心源性脑卒中是心源性栓子通过循环导致脑动脉栓塞引起相应脑功能障碍的临床综合征。

目前在使用所有诊断手段后仍有25%的卒中患者原因不明,即隐匿性卒中,实际上这部分卒中病人中的大多数还是心源性卒中,所以心源性卒中应该占所有卒中的1/3多。

心源性脑卒中常见的心脏原因有心房颤动、心瓣膜病、感染性心内膜炎、心肌梗死、心肌病、心脏手术、先天性心脏病以及伴有血栓形成的卵圆孔未闭(PFO)等。

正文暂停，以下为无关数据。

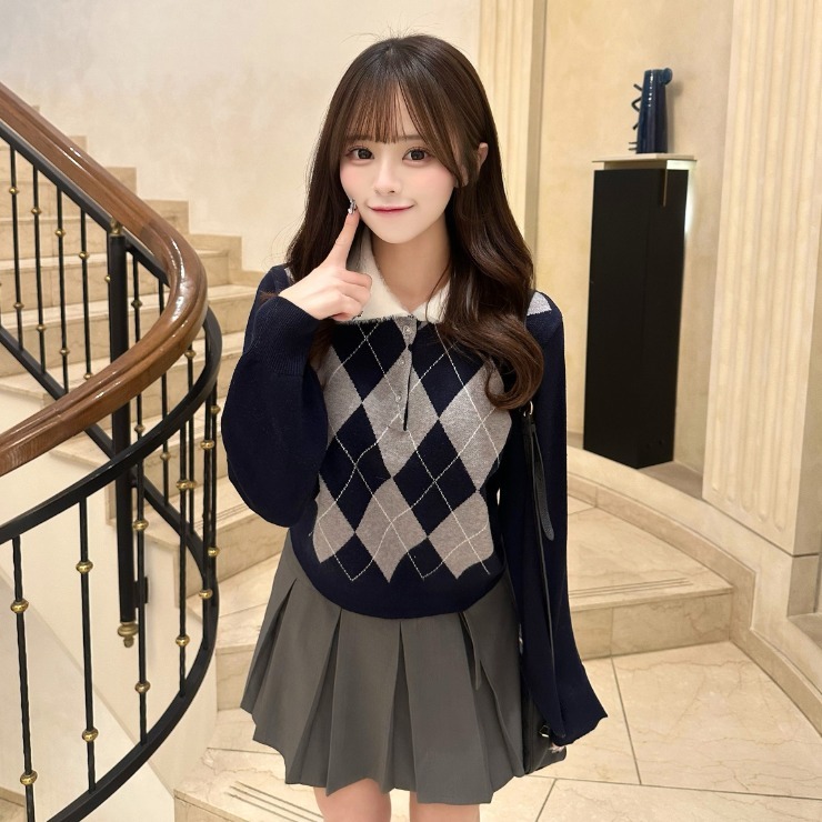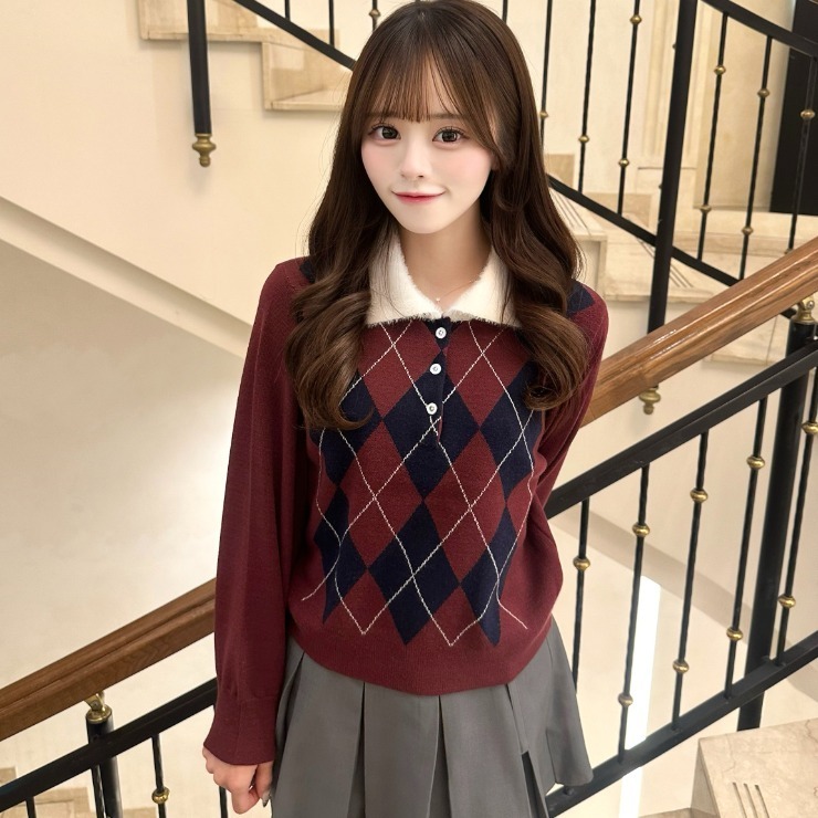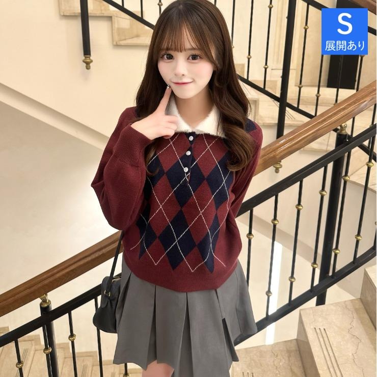 レディース アーガイル柄ポロニットプルオーバー(さやぽん)
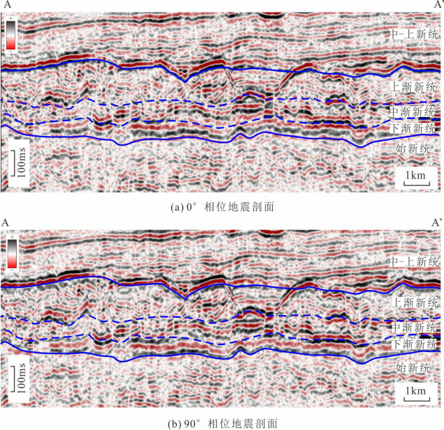 图30°和90°相位转换地震剖面
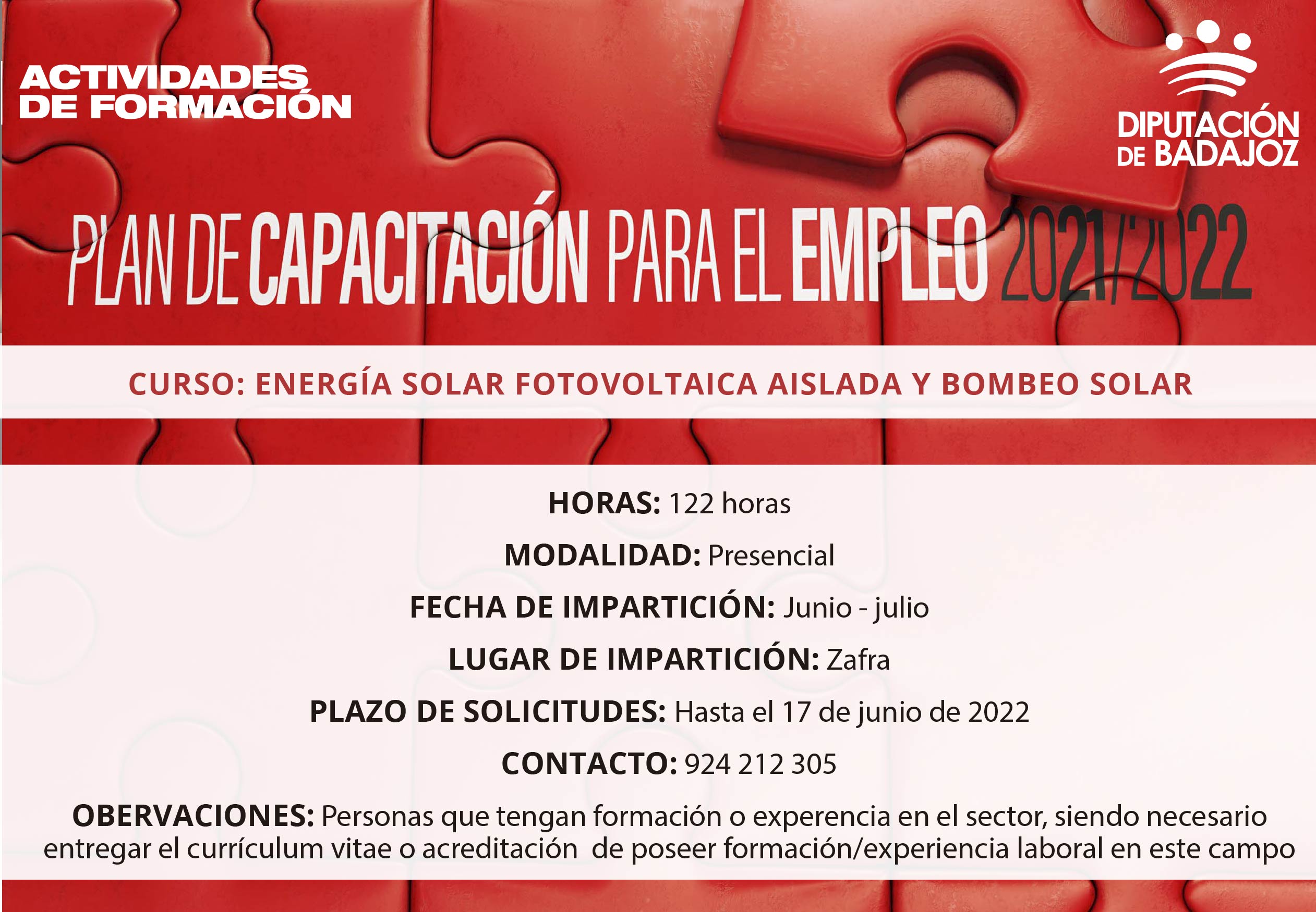 La Diputación de Badajoz, a través del Plan de Capacitación para el Empleo Local 2021-2022, desarrollado por el Servicio de Capacitación para el Empleo, dependiente del Área de Desarrollo Rural, Reto Demográfico y Turismo de la Diputación de Badajoz, va a iniciar una acción formativa en ‘’Energía solar fotovoltaica aislada y bombeo solar’’ en la localidad de Zafra.
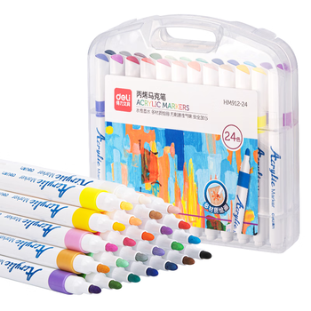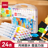 得力(deli)24色儿童学生水性丙烯马克笔PP盒装水彩笔生日礼物防水手绘咕卡荧光记号笔涂鸦热门商品
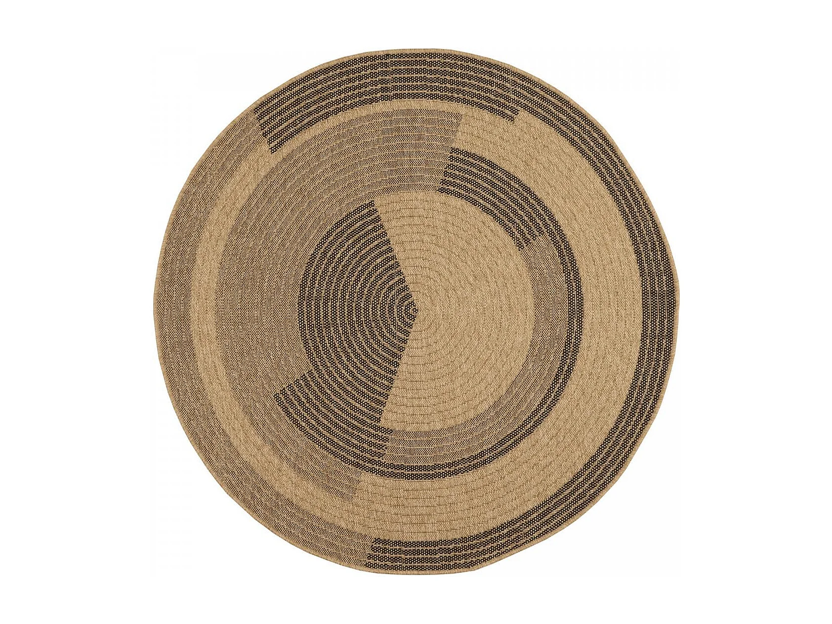 Tapis rond d'extérieur Ø120cm tissé kilim beige et noir JUTE ART 7
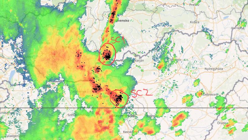 Na hraniciach s Maďarskom v okolí Budapešti zúria búrky, ktoré sa organizujú do systémov a vytvárajú supercely.
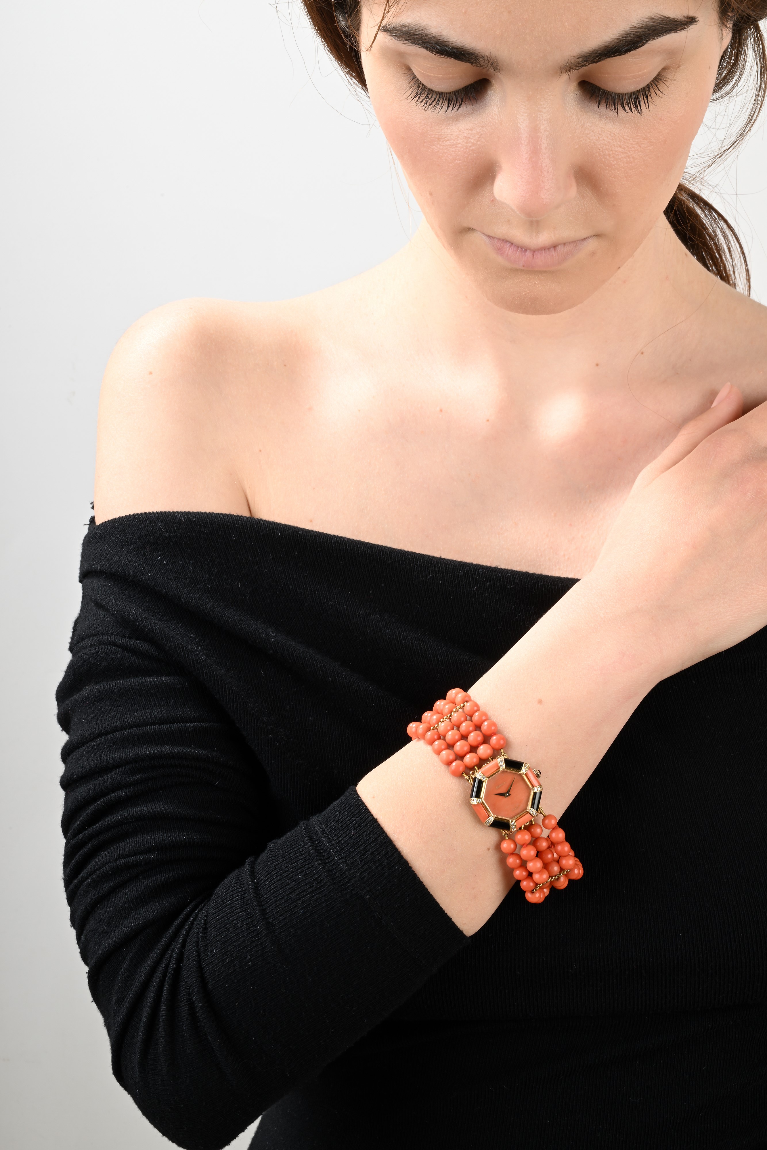Delaneau - Orologio gioiello in oro, corallo, onice e brillanti
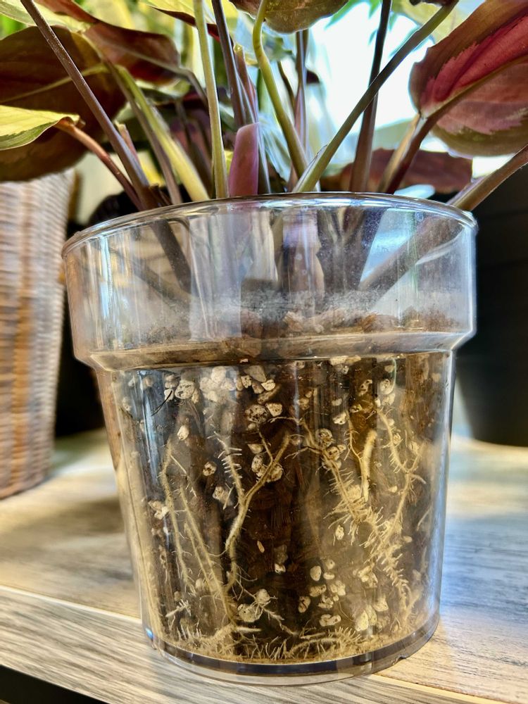 カラテア😊ノーザンライト😊水やりした😊新芽も出てるし根っこも回って来たので今年も春鉢上げかな😊

其中,心房颤动是和PFO是引起心源性脑栓塞最常见的原因。

对于这类患者的处理,由于牵涉到神经内科、心内科以及影像科等,因此如何发挥多学科优势,制定合理的诊疗策略,使患者获得更及时的治疗并改善预后是临床亟待解决的问题。

1.心源性脑卒中的临床与影像学特点:
2010年欧洲超声心动图指南提出了7条提示心源性卒中的临床和影像发现:
①突然发作的卒中症状,尤其是无TIA病史、严重首次卒中的房颤患者;
②年长严重卒中(NIHSS≥10;年龄≥70岁);
③既往不同动脉分布区栓塞:空间多发(前后循环同时梗死,双侧梗死);时间多发(不同年龄的梗死灶);
④其他系统性血栓栓塞的征象(肾脏和脾脏的楔形梗死、Osler splits、Blue toe-syndrome);
⑤梗死血管分布主要是皮层;或者皮层下大灶豆纹动脉区梗死;
⑥MCA高密度影(无同侧颈内动脉严重狭窄);
⑦闭塞大血管快速再通(反复神经超声评价)。

2. 心源性卒中的辅助诊断工具(STAF评分):
STAF评分有四个评分项目:年龄(>62岁:2分)、基础NIHSS(≥8:1分)、左房扩大(超过35mm:2分)、血管原因(找不到血管狭窄:3分),总分为8分。

如果患者得分超过5分,90%的可能是心脏来源而不是血管来源;如低于5分,那么90%可能来自血管来源,这样可以用简单的评分来区分是不是心脏原因。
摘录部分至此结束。